Je viens d'avoir ce problème il y a quelques jours! Je ne suis pas sûr que cela vous aide dans votre cas particulier, car vous ne fournissez pas autant de détails, mais ma situation était de travailler hors ligne sur un jeu de données «volumineux». Les données ont été obtenues sous forme de fichiers CSV compressés à 20 Go à partir de compteurs d’énergie, ainsi que des données chronologiques à plusieurs secondes.
Fichier IO:
data_root = r"/media/usr/USB STICK"
fname = r"meters001-050-timestamps.csv.gz"
this_file = os.path.join(data_root,fname)
assert os.path.exists(this_file), this_file
this_file
Créez un itérateur de bloc directement sur le fichier gzip (ne décompressez pas le fichier!)
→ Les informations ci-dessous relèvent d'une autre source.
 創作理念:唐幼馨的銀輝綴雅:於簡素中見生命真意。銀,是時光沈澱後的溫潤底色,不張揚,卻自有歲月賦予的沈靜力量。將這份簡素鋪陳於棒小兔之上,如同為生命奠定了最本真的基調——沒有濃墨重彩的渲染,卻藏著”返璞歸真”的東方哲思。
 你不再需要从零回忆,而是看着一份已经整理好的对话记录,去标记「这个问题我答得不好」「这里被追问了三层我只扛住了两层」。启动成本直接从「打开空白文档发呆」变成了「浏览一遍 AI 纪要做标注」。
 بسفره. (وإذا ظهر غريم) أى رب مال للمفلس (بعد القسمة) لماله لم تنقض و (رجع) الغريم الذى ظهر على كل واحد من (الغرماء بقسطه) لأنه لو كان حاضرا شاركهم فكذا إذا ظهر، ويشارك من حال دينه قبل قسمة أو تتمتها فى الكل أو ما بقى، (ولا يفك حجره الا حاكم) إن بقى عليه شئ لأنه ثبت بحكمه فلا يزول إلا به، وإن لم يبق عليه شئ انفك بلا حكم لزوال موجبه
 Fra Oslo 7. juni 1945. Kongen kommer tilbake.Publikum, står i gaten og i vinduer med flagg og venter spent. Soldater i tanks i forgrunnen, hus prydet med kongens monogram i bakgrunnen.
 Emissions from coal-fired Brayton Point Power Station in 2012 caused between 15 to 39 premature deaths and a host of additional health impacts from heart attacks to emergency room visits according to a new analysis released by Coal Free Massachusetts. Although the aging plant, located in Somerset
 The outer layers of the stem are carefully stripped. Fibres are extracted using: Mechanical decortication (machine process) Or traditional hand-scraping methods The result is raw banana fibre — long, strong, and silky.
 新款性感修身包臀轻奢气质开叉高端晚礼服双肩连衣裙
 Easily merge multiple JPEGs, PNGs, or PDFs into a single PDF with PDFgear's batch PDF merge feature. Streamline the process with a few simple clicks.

cols_to_keep = [0,1,2,3,7]
column_names = ['METERID','TSTAMP','ENERGY','POWER_ALL','ENERGY_OUT',]
parse_dates = ['TSTAMP']
dtype={'METERID': np.int32,
'ENERGY': np.int32,
'POWER_ALL': np.int32,
'ENERGY_OUT': np.int32,
}
df_iterator = pd.read_csv(this_file,
skiprows=0,
compression='gzip',
chunksize=1000000,
usecols=cols_to_keep,
delimiter=";",
header=None,
names = column_names,
dtype=dtype,
parse_dates=parse_dates,
index_col=1,
)
Itérer sur les morceaux
new_df = pd.DataFrame()
count = 0
for df in df_iterator:
chunk_df_15min = df.resample('15T').first()
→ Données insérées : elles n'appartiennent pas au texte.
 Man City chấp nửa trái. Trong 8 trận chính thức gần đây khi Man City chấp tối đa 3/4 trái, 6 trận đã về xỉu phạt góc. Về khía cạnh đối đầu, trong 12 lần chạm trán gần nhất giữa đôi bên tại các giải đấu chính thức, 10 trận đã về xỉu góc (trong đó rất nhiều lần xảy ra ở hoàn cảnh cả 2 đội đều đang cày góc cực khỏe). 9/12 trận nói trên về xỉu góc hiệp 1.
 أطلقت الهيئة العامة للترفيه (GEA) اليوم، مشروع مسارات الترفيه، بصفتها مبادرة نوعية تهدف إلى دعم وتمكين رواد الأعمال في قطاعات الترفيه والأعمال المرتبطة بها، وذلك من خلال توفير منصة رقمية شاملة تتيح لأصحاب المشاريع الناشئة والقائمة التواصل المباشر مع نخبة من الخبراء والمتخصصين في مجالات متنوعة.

#chunk_df_30min = df.resample('30T').first()
#chunk_df_hourly = df.resample('H').first()
this_df = chunk_df_15min
this_df = this_df.pipe(lambda x: x[x.METERID == 1])
#print("chunk",i)
new_df = pd.concat([new_df,chunk_df_15min])
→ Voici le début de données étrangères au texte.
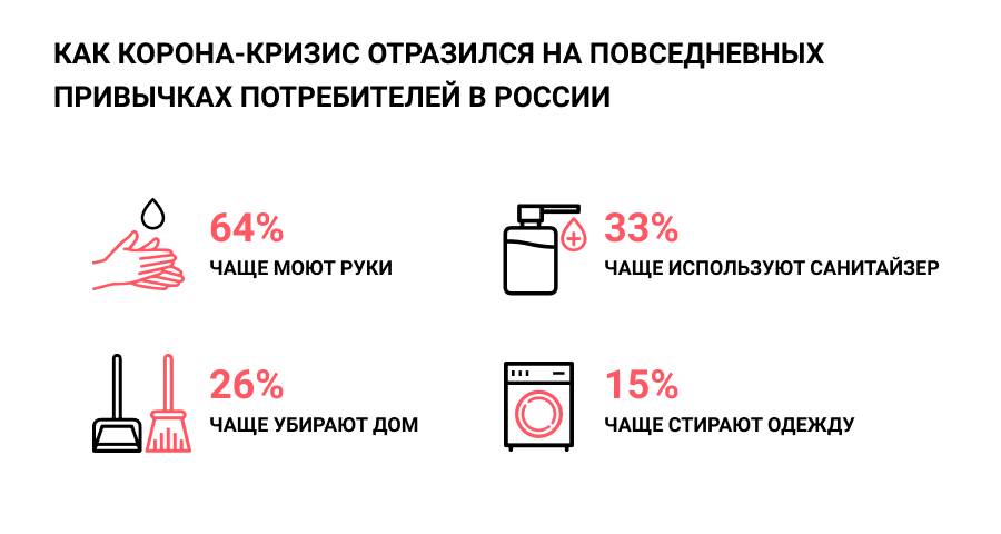 В ситуации пандемии происходит изменение иерархии ценностей потребителей, и на первый план выходит забота о здоровье. Так, в потребительском исследовании Nielsen, которое было проведено в конце марта 2020 года, 72% респондентов поставили здоровье на первое место, тогда как в середине месяца таких было 66%. Тот факт, что приоритеты людей сместились в сторону заботы о здоровье, подтверждает и значительный рост продаж порошков, средств для уборки дома, мытья посуды и чистки пола (данные продаж в крупнейших розничных сетях России собирались в течение недели с 16 по 22 марта). Согласно исследованию, 64% его участников стали чаще мыть руки, каждый третий (33%) регулярно использует санитайзеры, а более четверти (26%) чаще убираются дома.
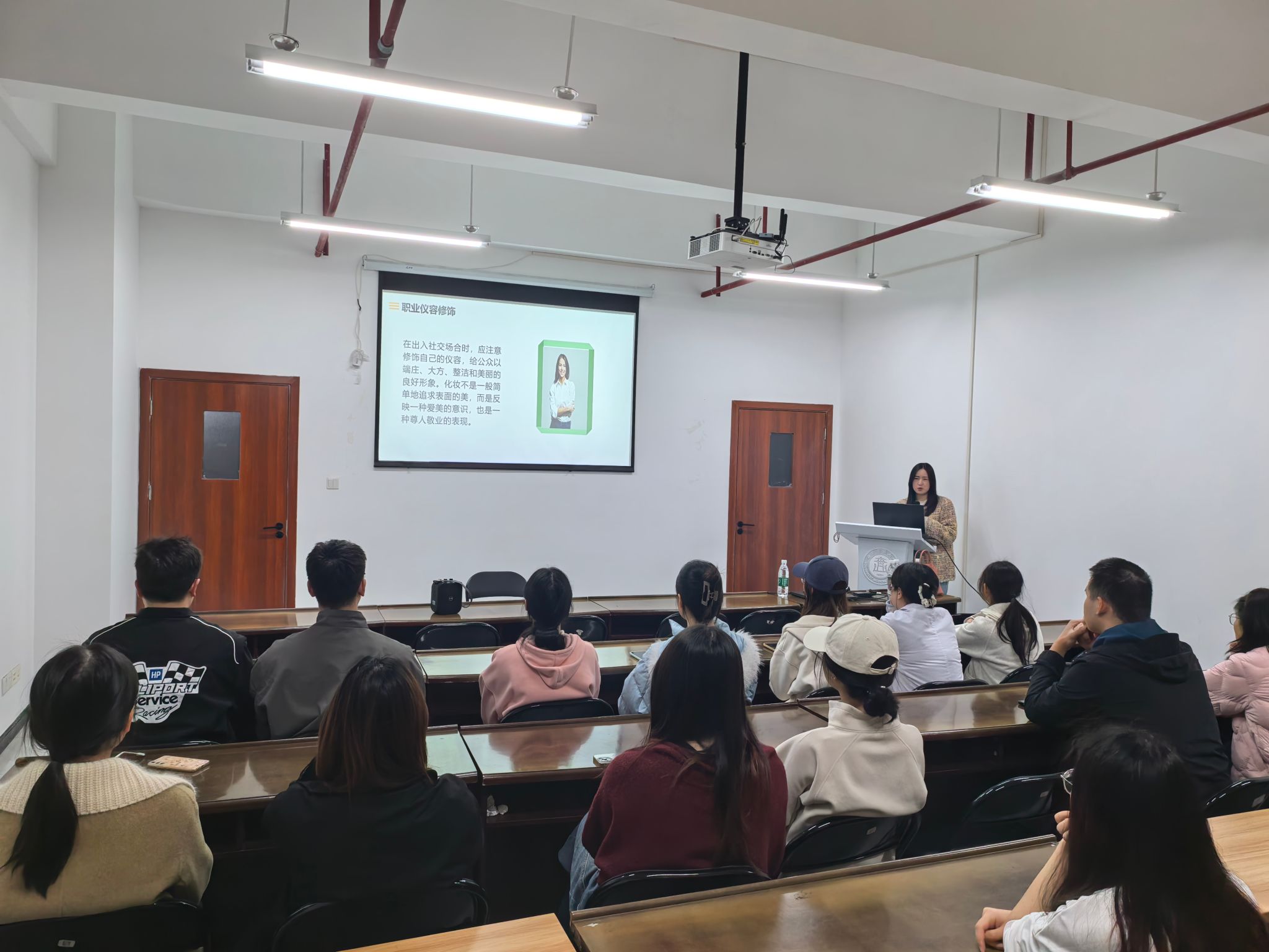 本次培训围绕“礼仪赋能职场,细节成就专业”的主题展开。陈丽如结合医药行业特点与学生未来职业发展需求,系统地从仪容、仪表、仪态三大维度进行了深入浅出的讲解与示范。

print("chunk",count, len(chunk_df_15min), 'rows added')
#print("chunk",i, len(temp_df),'rows added')
#break
count += 1
À l'intérieur de la boucle de morceau, je filtre et ré-échantillonne à temps. Ce faisant, j'ai réduit la taille de 20 Go à quelques centaines de Mo HDF5 pour une exploration plus poussée des données hors connexion.